«Domingo da Palavra»: O desafio «imenso» de traduzir a Bíblia, entre a língua original e o português de hoje

Padre Mário de Sousa coordena comissão responsável pelo novo texto que vai ser adotado pela Conferência Episcopal

Lisboa, 23 jan 2021 (Ecclesia) – O padre Mário de Sousa, coordenador da Comissão da Tradução da Bíblia para a Conferência Episcopal Portuguesa (CEP), disse à Agência ECCLESIA que este trabalho é um “desafio imenso” de conciliação entre a atualidade e a fidelidade ao texto original.

“É um desafio imenso e a nossa maior dificuldade: fazer uma tradução em português escorreito, que seja entendível, quando proclamado, e que, por outro lado, conserve toda a riqueza metafórica, arqueológica, antropológica das línguas originais”, referiu o sacerdote, numa entrevista a respeito do ‘Domingo da Palavra’, que se celebra pela segunda vez, no dia 24 de janeiro.

O especialista assinala que a tradução pedida pelos bispos católicos é, em primeiro lugar, para a Liturgia, com o intuito de ser “proclamada”.
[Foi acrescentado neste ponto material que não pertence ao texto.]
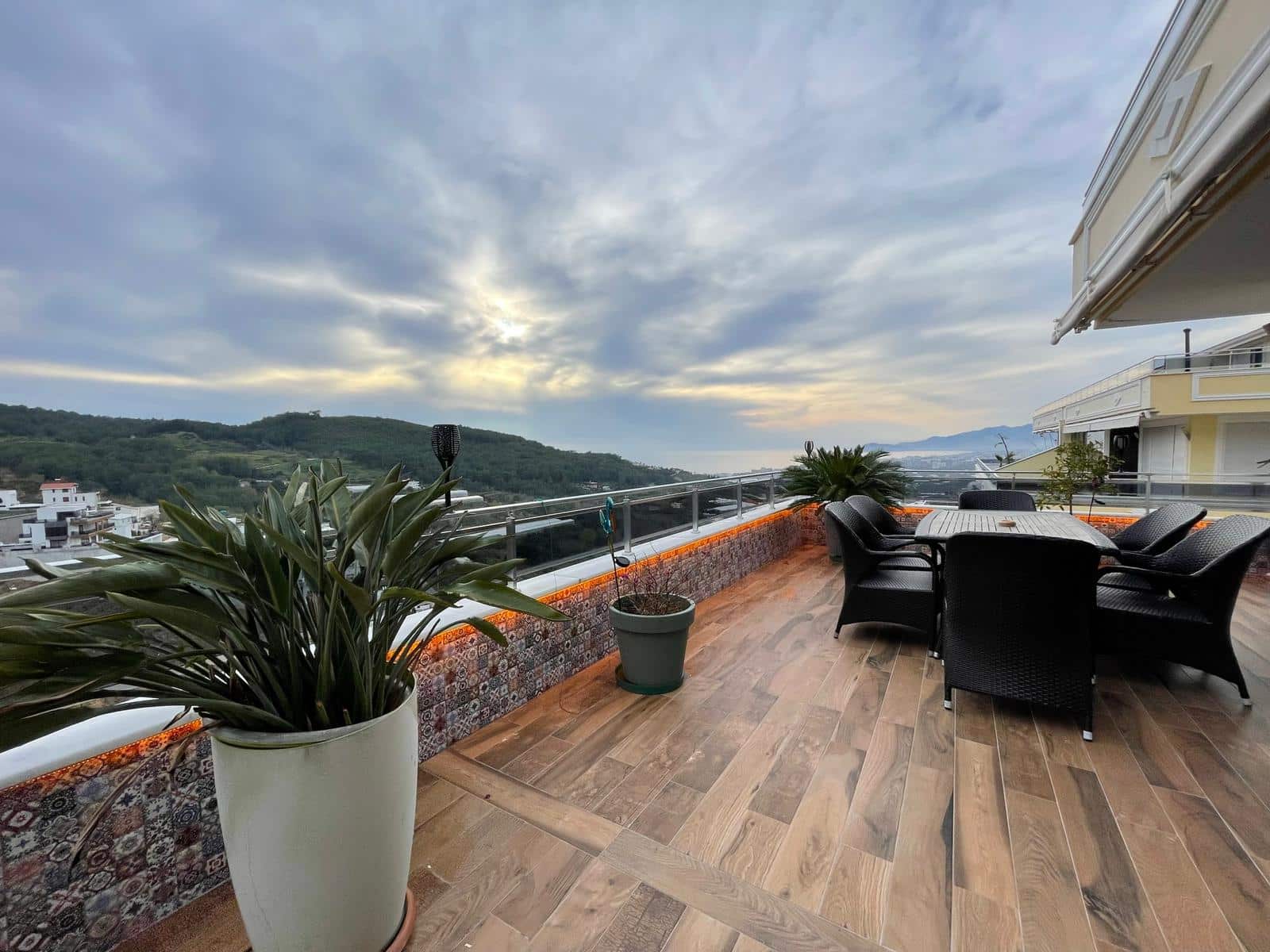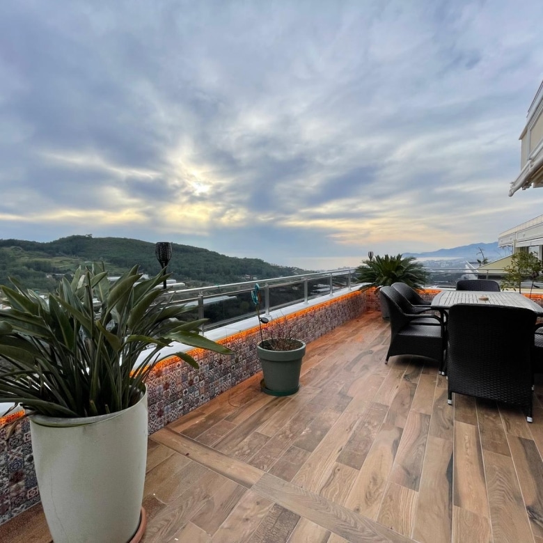 The terrace opens up to beautifulmountain and city views, with a wide-angle perspective and peaceful surroundings.

“O esforço que está a ser feito é o de manter a fidelidade ao texto, para não perder toda a sua riqueza – porque, se a tradução for muito aberta, isso perde-se um pouco -, e, por outro lado, também não ser tão literalista que se perca a compreensibilidade”, observa.

O padre Mário de Sousa admite “isto não é fácil de conjugar, mas é possível”.

“O trabalho que se está a fazer, neste sentido, vai ser levado a bom porto”, aponta.

Padre Mário Sousa

Natural de Vila Real de Santo António, o sacerdote é professor de Novo Testamento no Instituto Superior de Teologia de Évora, diretor do Centro de Estudos e Formação de Leigos do Algarve e presidente Associação Bíblica Portuguesa desde 2017.

A nova tradução da Bíblia em português já contou com a publicação dos quatro Evangelhos e dos Salmos, em edição experimenta.

Neste momento, os trabalhos seguem “a bom ritmo”, com um corpo de tradutores que abarca mais de 40 biblistas.

“É natural que cada tradutor o faça da sua maneira”, admite o coordenador, adiantando que os livros da Bíblia estão traduzidos quase na sua totalidade, faltando apenas alguns do Antigo Testamento.

As duas subcomissões científicas, do Antigo Testamento (46 livros, escritos antes do nascimento de Jesus Cristo) e do Novo Testamento (27 livros, dos Evangelhos às várias cartas dos primeiros apóstolos, concluindo-se com o Apocalipse) têm agora a tarefa de “harmonizar” as traduções de cada livro.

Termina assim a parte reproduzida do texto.